Depth charge reloading is possible in a moderately heavy sea pounding the ship … Under average conditions however it must be an even bet whether the throwers lob their charges vertically upwards and on to the quarter deck or immediately alongside the propellers … Limitations on speed and course to windward impose a severe limitation on depth charge attacks while the Hedgehog is inaccurate in a short head swell on account of the unpredictable roll and the resultant tilt.

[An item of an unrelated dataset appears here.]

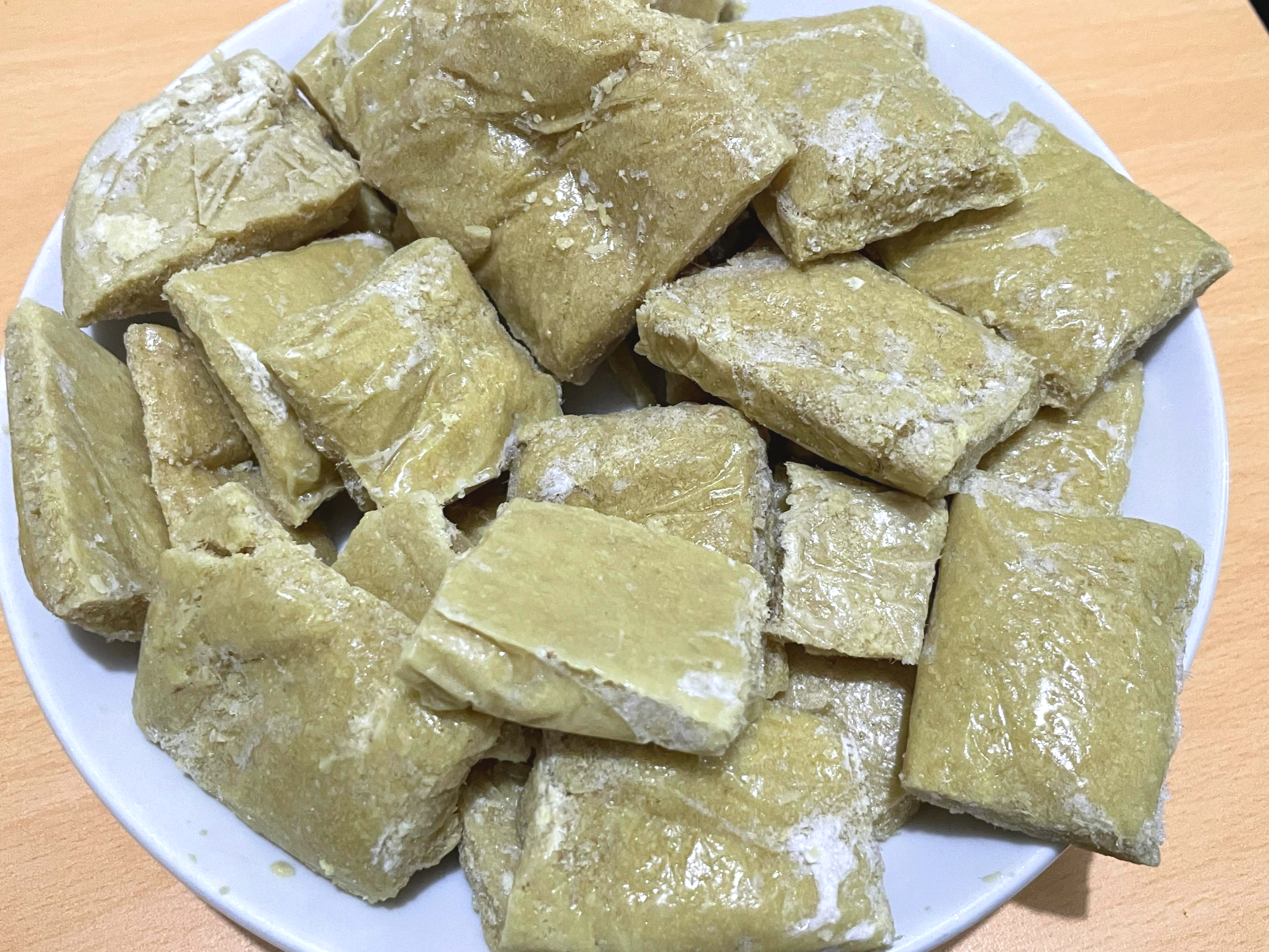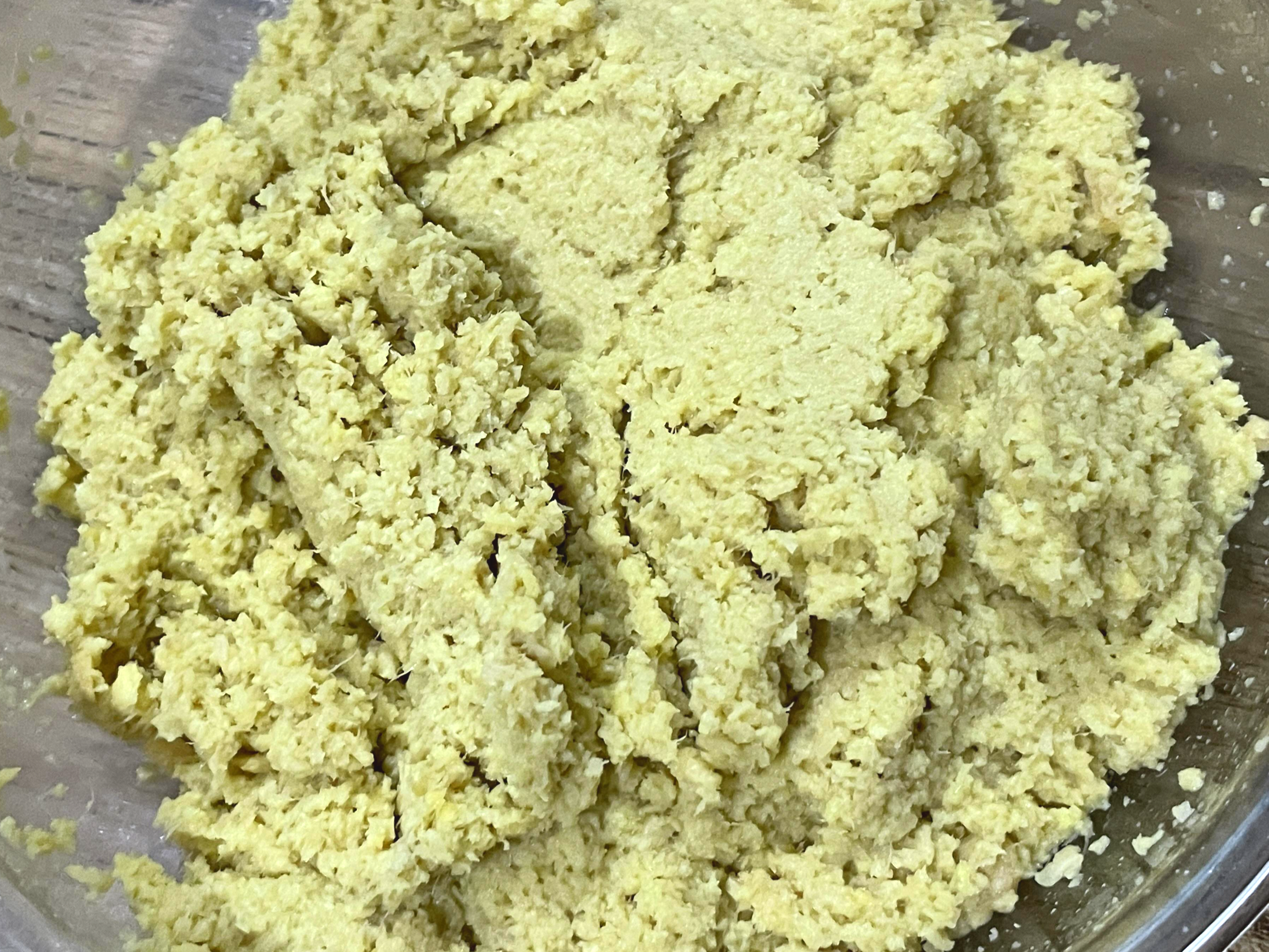 1. 생강을 곱게 빻아 비닐봉지에 넣고 칼등으로 금을 그어 냉동실에 얼려줍니다.

There were many similar remarks from other officers; there were men thrown out of their bunks, gyrocompass tripping, etc. A constructor confirming the general view blamed an excessive beam-to-draught ratio combined with a light armament, leading to a high metacentric height (GM) and rapid rolling. The GM was about 3.7 feet for the turbine ships and 3.9 feet for the diesels, compared with an average of some 2.5 feet for RN ships of similar size. The roll period of Domett was 7–7½ seconds with a GM of 4 feet, which gave typical roll accelerations of 0.3g. When rolling to 8–10º, she would give the occasional lurch to 20º.
In November 1943, it was proposed to increase the depth of bilge keels from eighteen inches to twenty-four inches and lengthen them by 27.5 feet aft, to cut openings in the longitudinal bulkhead between fuel tanks (this would have reduced the effective metacentric height but was not carried out) and to add many more depth charges. Added weights would need to be more than 14.5 feet from the centre line to increase the polar moment of inertia, which would help to reduce rolling. Both Western Approaches and the dockyards were concerned that this work would take a month, mostly in dock. However, it was thought that the improvement would be worth it. Model tests at AEW, Haslar confirmed the benefits and showed (as I would expect) that there was no discernible penalty on speed or endurance.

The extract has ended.